以上为【孔同知孔圣之裔垂念逆旅用意勤甚诗以谢之】的注释。
评析
此诗为宋末遗民家铉翁羁旅北地时,感念孔子后裔孔同知(时任河阳同知)礼遇抚慰而作。全诗以深挚儒者情怀为底色,融身世之悲、道统之思、师承之敬于一体。开篇以“鲁山”“圣域”起兴,立崇高之象;继写自身“离群索居”“心茅殆塞”的孤寂困顿,反衬孔氏“贰车式临”带来的精神救赎。诗中大量援引孔门典故(陈亢问孝、樊迟问仁、仪封人叹圣、洙泗渊源),非炫博而已,实为在易代之际重申儒道正统之不可断绝。尤可注意者,“寒谷回春温,古道见颜色”二句,既状现实温情,更喻道统薪火不灭;结句“书绅永为式”,将个人感恩升华为对文化命脉的郑重托付。全诗结构谨严,用典精切,情感由抑而扬,终归于庄敬坚定,堪称宋遗民诗中兼具思想深度与艺术高度的典范之作。

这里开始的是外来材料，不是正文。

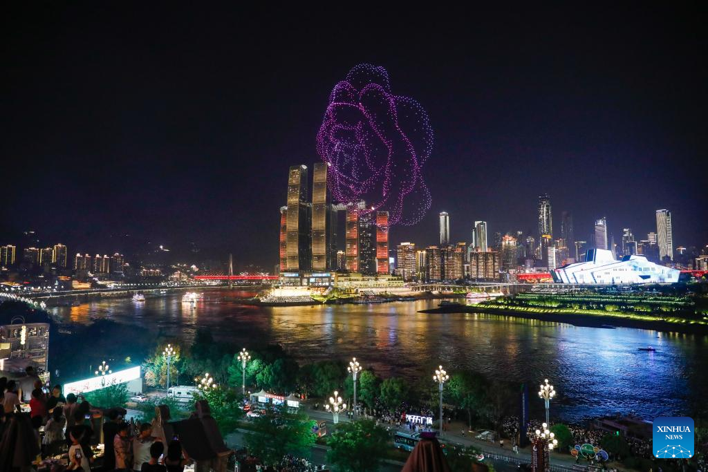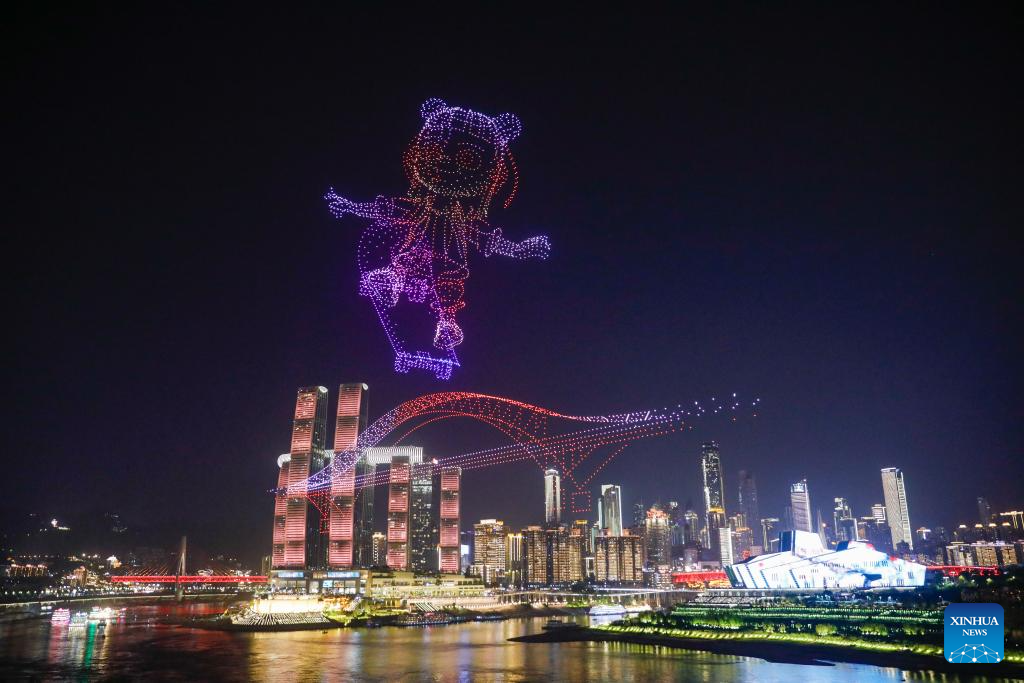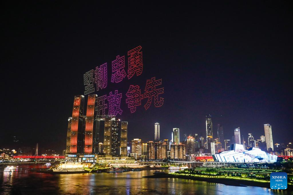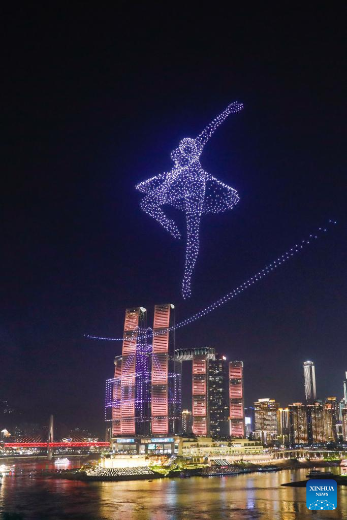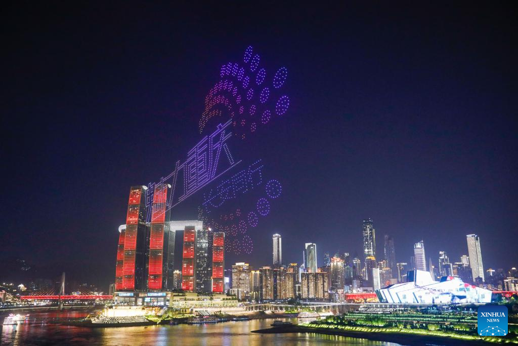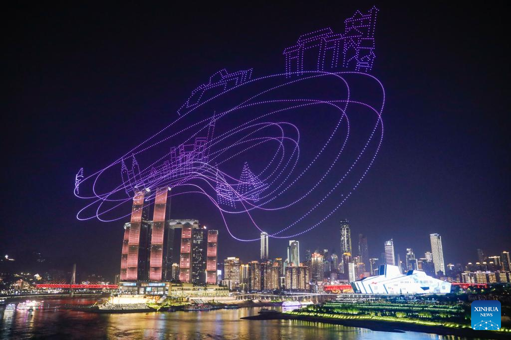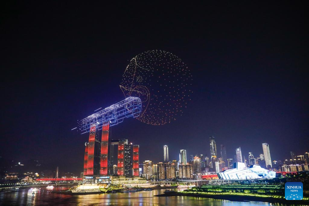 A drone light show is pictured in Nan'an District of southwest China's Chongqing Municipality, April 19, 2025. The 15-minute drone light show, which features iconic city landmarks of Chongqing, made its debut on Saturday, presenting a visual feast along with a city lighting display.

以上为【孔同知孔圣之裔垂念逆旅用意勤甚诗以谢之】的评析。
赏析
本诗以典雅凝重之笔,构建起一个由空间距离(鲁山—河阳)、时间跨度(孔圣—孔裔)、精神阶梯(求道者—传道者)组成的三维敬仰场域。首四句以“可望不可即”“无路瞻圣域”造成强烈张力,将儒家终极理想具象为地理阻隔,奠定全诗沉郁基调。中段“朅来高河阳”陡转,以“天壤北”之苍茫反衬“圣哲孙”降临之珍贵;“洙源”“龟蒙”二句以山水意象浓缩文化地理,清、孤、崱三字炼字极精,写出道统之澄澈、独立与峻峙。典故层叠而不滞涩:“陈亢问”显谦卑求教之态,“樊须惑”见思辨未明之诚,“徐群先”“仪封识”则以退为进,消解个体渺小感,将际遇升华为道统接力。最警策处在于“寒谷回春温,古道见颜色”——寒谷本不能自主回春,古道亦无自现颜色之理,唯因圣裔之至,仁心所感,天地为之改容,此非夸张,实乃儒者“诚则灵”信念之诗性呈现。结句“书绅永为式”,回归《论语》“子张书诸绅”典故,使私人感恩获得经典依据,完成从个体抒情到道统承续的庄严升华。
以上为【孔同知孔圣之裔垂念逆旅用意勤甚诗以谢之】的赏析。
辑评
1. 《宋诗纪事》卷七十九引《吴礼部诗话》:“家钧翁北徙,道经河阳,孔氏后人厚待之,赋诗谢焉。其辞庄重,其思沉郁,遗民之节,圣裔之德,两相辉映。”
2. 清·陆心源《宋诗纪事补遗》:“铉翁此诗,典重典雅,无一语涉衰飒,而忠爱悱恻之忱,隐然流溢于字句之间。”
3. 《四库全书总目·则堂集提要》:“铉翁诗宗杜甫,尤工五言古,此篇以孔氏后裔为枢轴,绾合身世、道统、时局,气格高浑,足称宋末正声。”
4. 钱钟书《宋诗选注》:“家铉翁羁北诸作,哀而不伤,怨而不诽,此篇尤以‘洪惟夫子墙’数句,将个人遭际纳入儒家宇宙秩序,境界阔大,迥异寻常亡国之音。”
5. 今人王水照《宋代文学通论》:“此诗是宋元易代之际儒者精神世界的微缩图景:外在的羁旅之困,内在的求道之渴,以及通过圣裔这一文化符号达成的自我确认与价值重估。”
以上为【孔同知孔圣之裔垂念逆旅用意勤甚诗以谢之】的辑评。